- _What the task requires_
Take the material below and extract the lines from the one with "If you want" through the one with "なかなか硬いタイヤですが、歴20年の布川スタッフが組んでいきます!", word for word, without pictures.
Exercise materials START
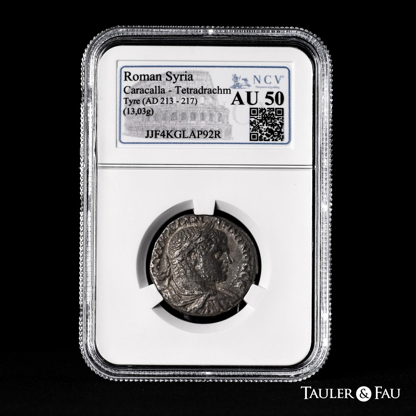 Caracalla. Tiro. Tetradracma. 213-217 d.C. Phoenicia. (Prieur-1551). Anv.: ΑΥΤ ΚΑΙ ΑΝΤѠΝΙΝΟC CЄ. Cabeza laureada a derecha. Rev.: ·ΔΗΜΑΡX·ЄΞ ΥΠΑΤΟC ΤΟ·Δ·. Águila en pie de frente sobre una clava, cabeza a izquierda, con concha de murex entre las patas. Ag. 13,03 g. Suave pátina. Encapsulada por NCV como AU 50. NCV-AU. Est...200,00.
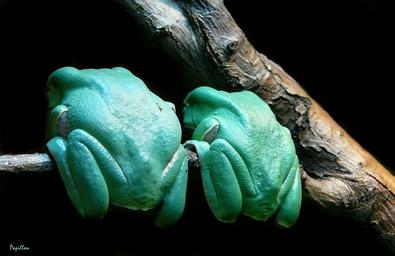 Keywords: frog close frogs amphibian green creature animal animals color pair two together sit squat road funny exotics exotic nature fauna rarity jungle
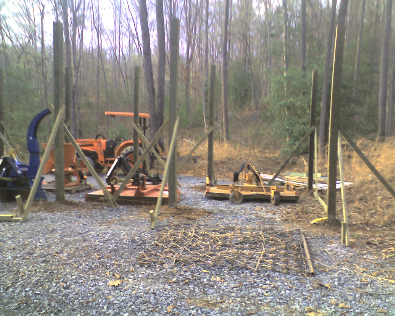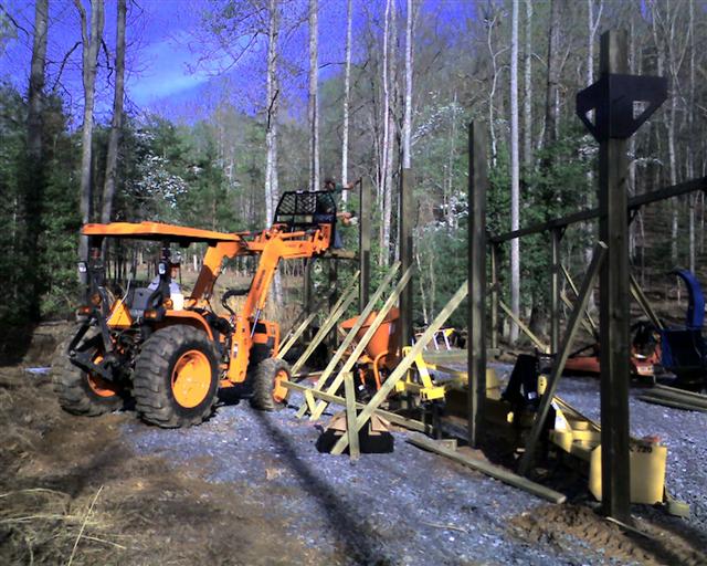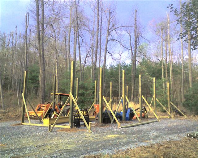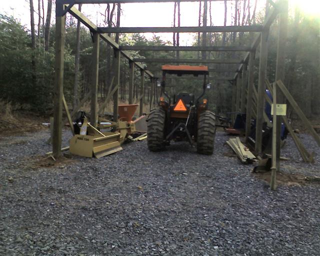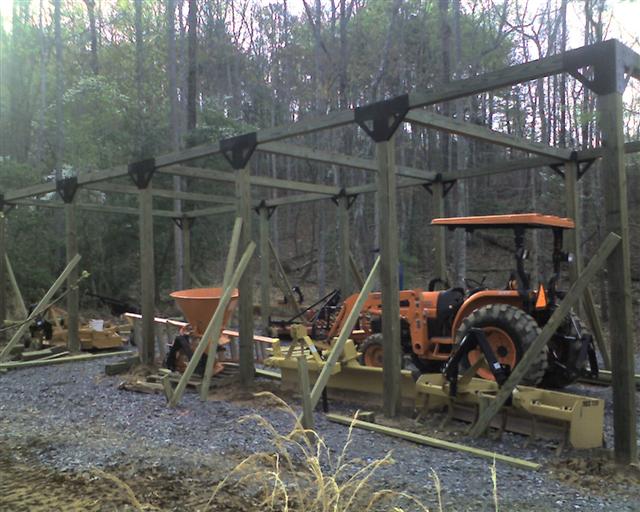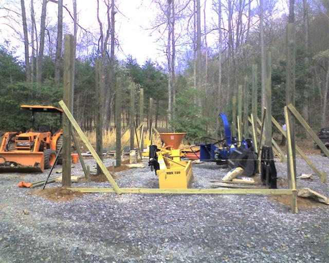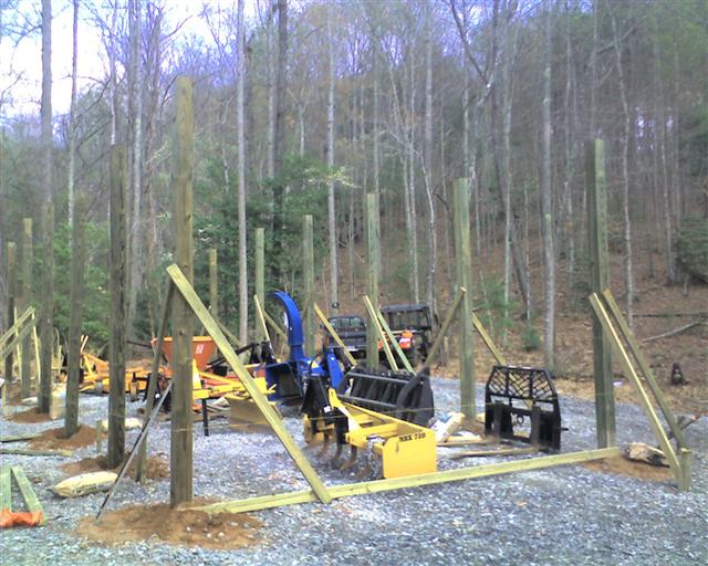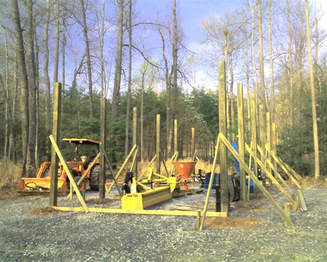 This last weekend began the post setting phase of my 16 x 42' pole barn. It will hold the tractor and all my attachments. They really need to be under cover. This past year has taken it toll on the implements.
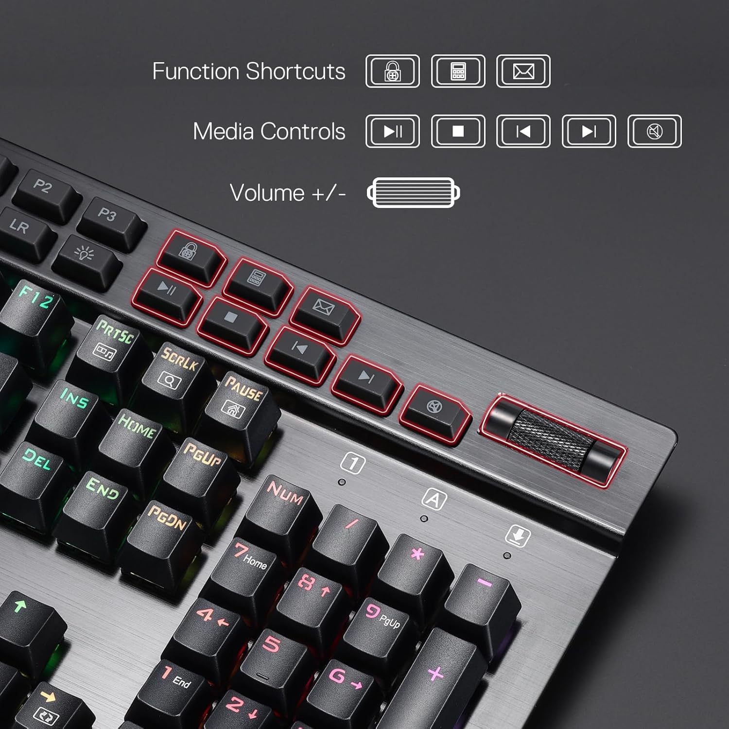 Dedicated Media Controls – The controls let you quickly play, pause, and skip the music right from the keyboard without interrupting your game. The dedicated scroll bar at the top right allows adjustment of system volume.
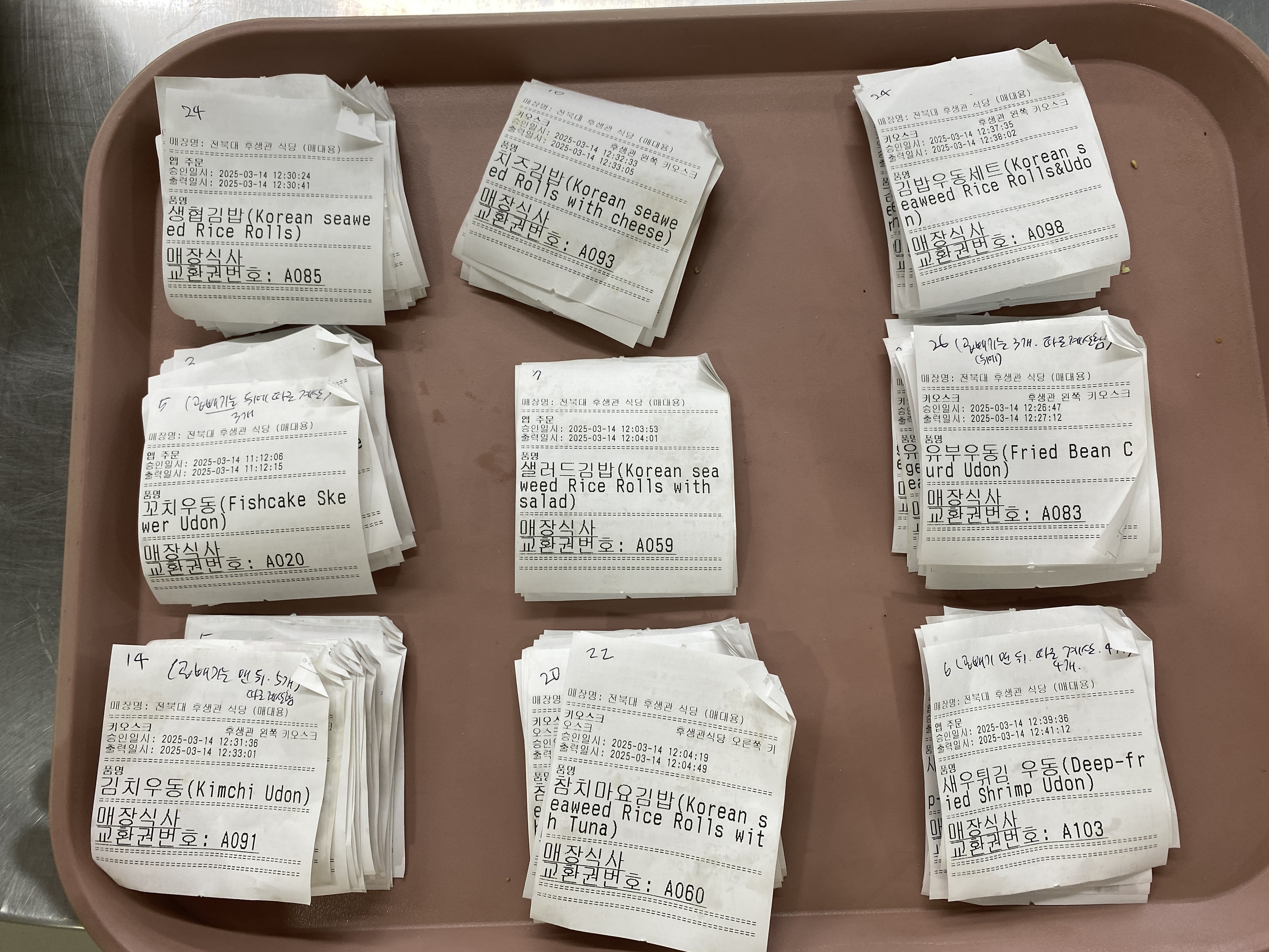 | 전북대 후생관 식당 근로장학생의 여섯째 날 근무 기록 : 새로운 교환권 정리법 (0) | 2025.03.17 |
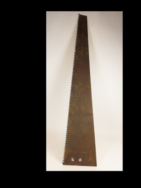 Grote, grof getande zaag. Twee gaten tbv bevestiging handgreep. Handgreep ontbreekt.
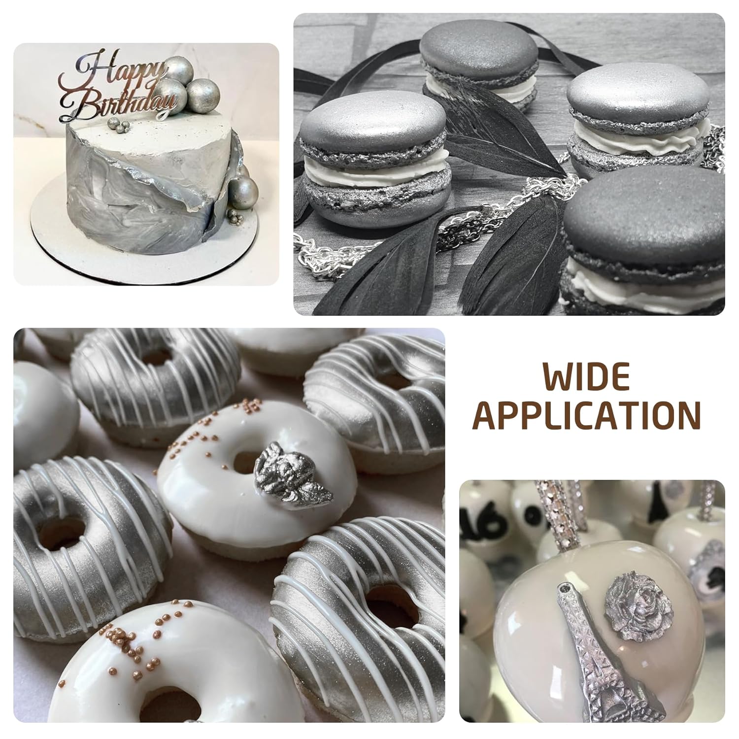 - METALLIC EDIBLE GLITTER PAINT - Specially crafted for food and baking decoration to get a metallic finish or add a gold-plated effect. All colors are brilliant and amazing. This fine texture edible cake paint can provide a high luster glitter effect to your cakes, chocolates, and candy!
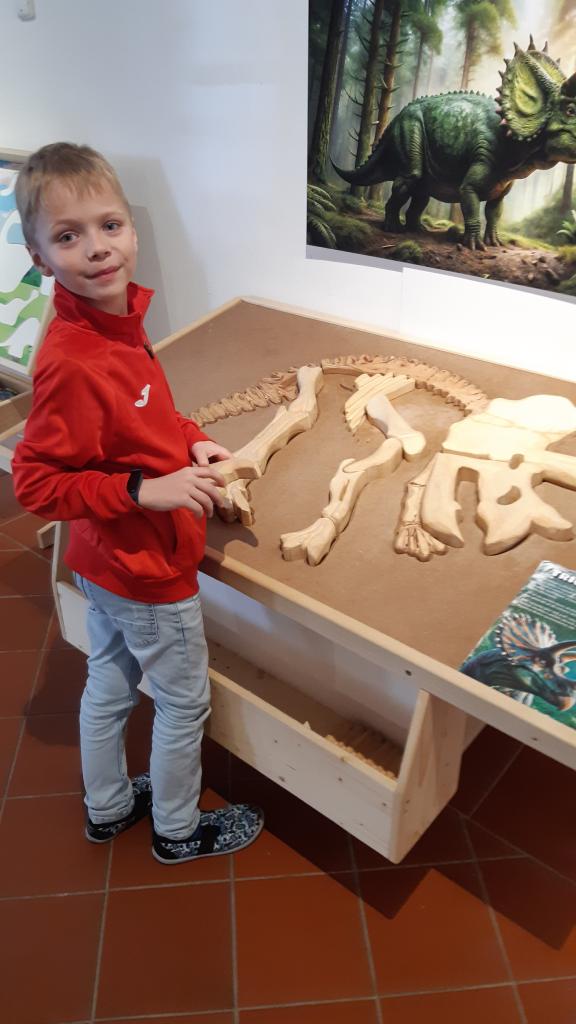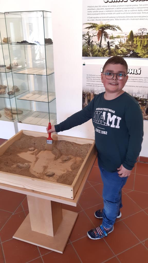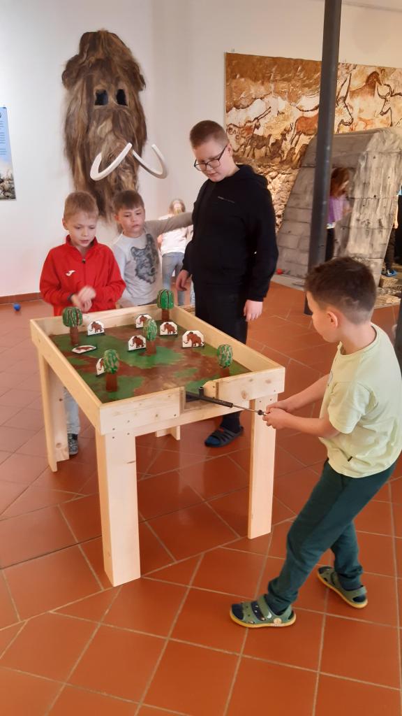 „Výlet zpět o miliony let“ je tematický název letošní interaktivní výstavy v šumperském Muzejíčku. Děti z I. oddělení školní družiny měly možnost výstavu navštívit, vyslechnout si poutavé vyprávění paní průvodkyně a prohlédnout si zajímavé exponáty z pravěku. Poté s nadšením využily tamní hernu k pokusům, spojovačkám a rébusům, ale i sportovním aktivitám spojených z dobou dávno minulou. Společně tak navázaly na celoroční družinovou hru „Letem světem i časem“ a doplnily svoje znalosti. Výlet vlakem do minulosti se všem líbil, sluníčko nám prozářilo příjemně strávené odpoledne.
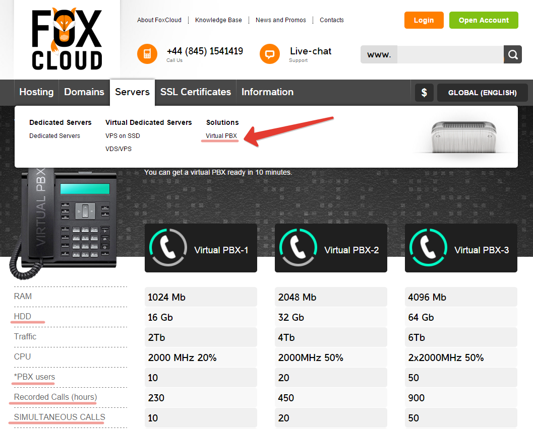 If you want to order "Virtual PBX" open "Servers > Solutions > Virtual PBX".
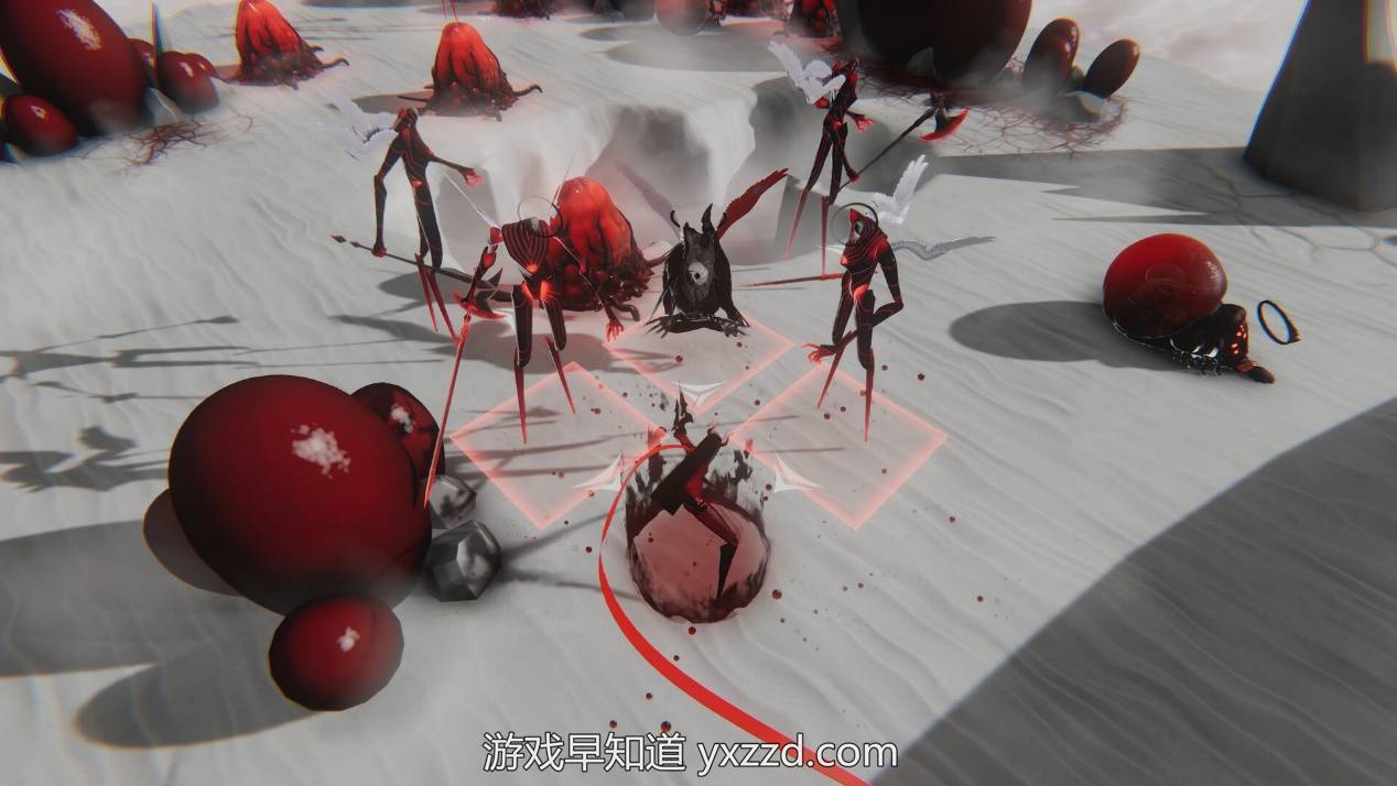《血色序曲》描绘了一个对立鲜明的世界——象征生命律动的猩红之血,与逐渐侵蚀世界的苍白永恒形成对峙。在程序生成的关卡中,玩家拥有高度自由度,能够以策略与鲜血在战场上“书写”属于自己的战斗轨迹。
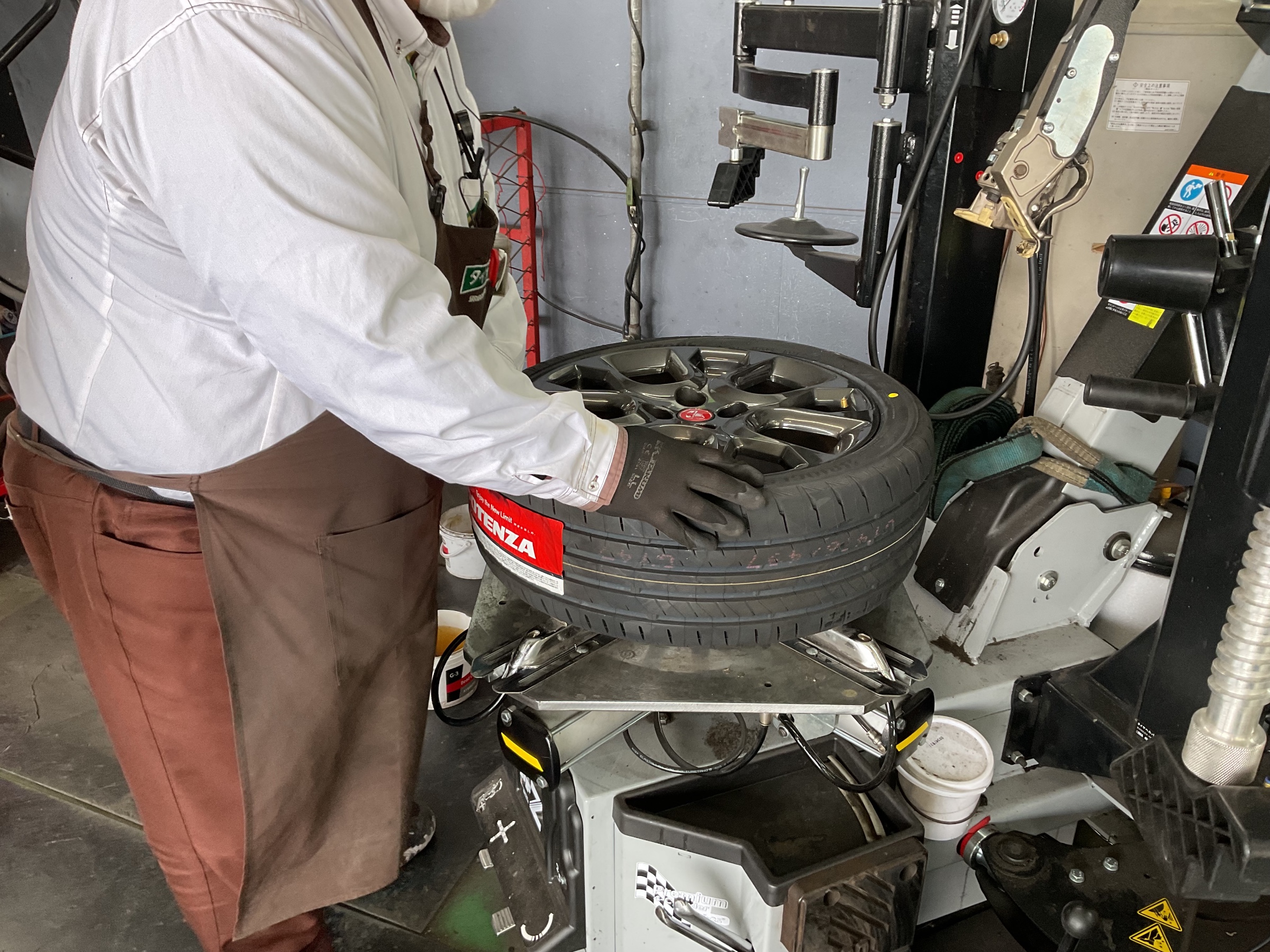 なかなか硬いタイヤですが、歴20年の布川スタッフが組んでいきます!
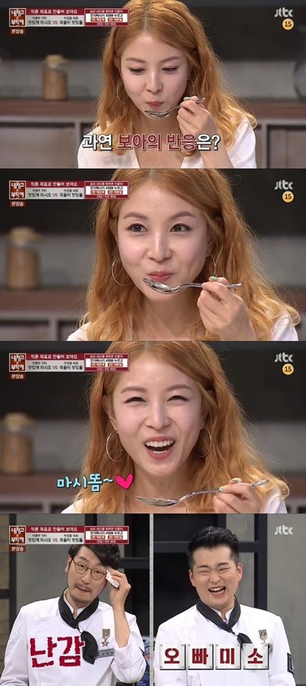 이후 먼저 완성된 이원일 셰프의 어죽을 맛본 보아는 "고소하고 오묘하다. 죽이는 맛이다"라면서 "맛있똠!"이라고 외쳐 만족감을 나타냈고, 이원일 셰프의 승리를 선언했다.
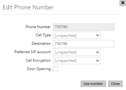 Virtual Number – you can use the virtual number for calling a user via the numeric keypad on the device. The virtual number can have 1 to 7 places. The first/last place can be either a digit or a letter, the remaining positions can only be digits (A123, 456B, C12E, e.g.). Virtual numbers can be set according to apartment numbers, for example. Virtual numbers are especially convenient for installations where the speed dial buttons are insufficient. Not being related to the actual user phone numbers, virtual numbers help protect the user phone numbers on the device.
Exercise materials END
- _Output_
 If you want to order "Virtual PBX" open "Servers > Solutions > Virtual PBX".
《血色序曲》描绘了一个对立鲜明的世界——象征生命律动的猩红之血,与逐渐侵蚀世界的苍白永恒形成对峙。在程序生成的关卡中,玩家拥有高度自由度,能够以策略与鲜血在战场上“书写”属于自己的战斗轨迹。
 なかなか硬いタイヤですが、歴20年の布川スタッフが組んでいきます!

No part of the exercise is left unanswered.